CRIMINAL REMEDIES –
COMMON-LAW ASSAULT AND BATTERY – MERE “UNCONSENTED TOUCHING” – HARMFUL INTENT
REQUIREMENT. A criminal case about
a kind of an offense that’s very often, and increasingly, invoked in family law
disputes today as the institution of marriage means less every day in the new
legal world (and as ambitious prosecutors remain eager for as many convictions
as possible, no matter how absurd and outrageous, to build a record of
accomplishments), provides a stern, no-nonsense lecture by the Court of
Appeals.

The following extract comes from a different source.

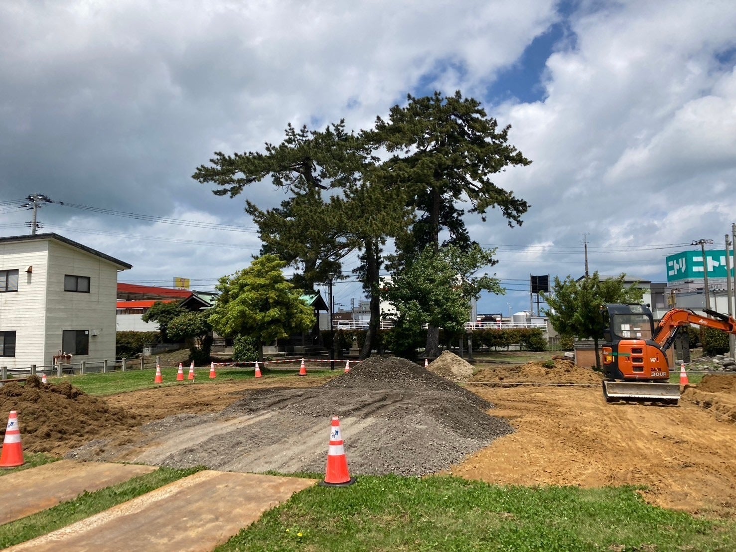 今日はアスファルト舗装のベースとなる砕石を入れて、不陸調整して平にする作業をしていただいています!
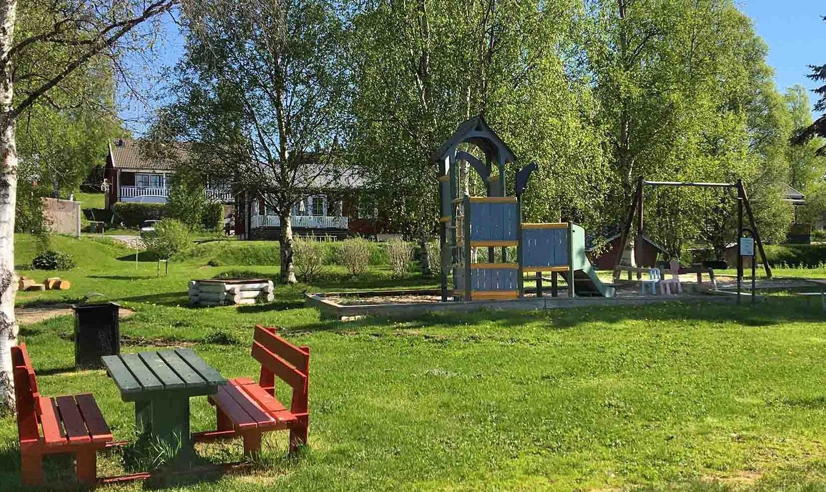 Lekplats med lek- och klättertorn med rutschkana och gungor. Intill finns sittplatser med bord och en mindre grillplats.

Knowing better than to
invoke common sense or a sense of proportion, the Judges base their correction
of a Northern Virginia trial court on a strict reading of the existing law. (Just to keep everybody confused, Parish v. Commonwealth, 56 Va. App. 324,
693 S.E.2d 315 (2010), is printed next to the wrongful death case of a victim
named Parrish, but the one-R Parish case does not involve death nor anything
remotely approaching it.) Ms.
Parish, who was in a hurry, had words with a U.S. mailwoman delivering up and
down the street, on whose route Ms. Parish’s office was the last stop. The postlady ended up refusing to
deliver that mail because Ms. Parish, wanting faster service, had called her
names. As the mail carrier was
walking away, the customer grabbed her shoulder and spun her around to face
her. The trial judge convicted Ms.
Parish of assault and battery without proof of intent, because – you guessed it
– assault and battery “is any unconsented touching.” The words you invariably hear from Judges and Commonwealth’s
Attorneys, and lawyers in the nastier domestic relations cases, usually has
“however slight” thrown in. An
untruth Universally Acknowledged, but still just as wrong, as the Court of
Appeals patiently points out.
Assault and battery both require intent to harm, and in fact, both
require more. A touch does not
constitute a battery if it is justified or excused. Virginia Code §18.2-57 does not define assault or battery,
and the common law reigns here, as most attorneys know. And though linked by
that Code Section, they are not the same thing, either. The Court helpfully lays out all the
well-established common law, providing an excellent lesson in basic substantive
criminal law. Part of that lesson,
too, is that “words alone are never sufficient to constitute an assault.” So the husband who puts a hand on the
shoulder of his still-angry wife when hoping to end an argument cannot be
prosecuted – not lawfully … yet.
Though of course there are still plenty of ways she can still get him
out of the house and separated from the kids, with a little creativity.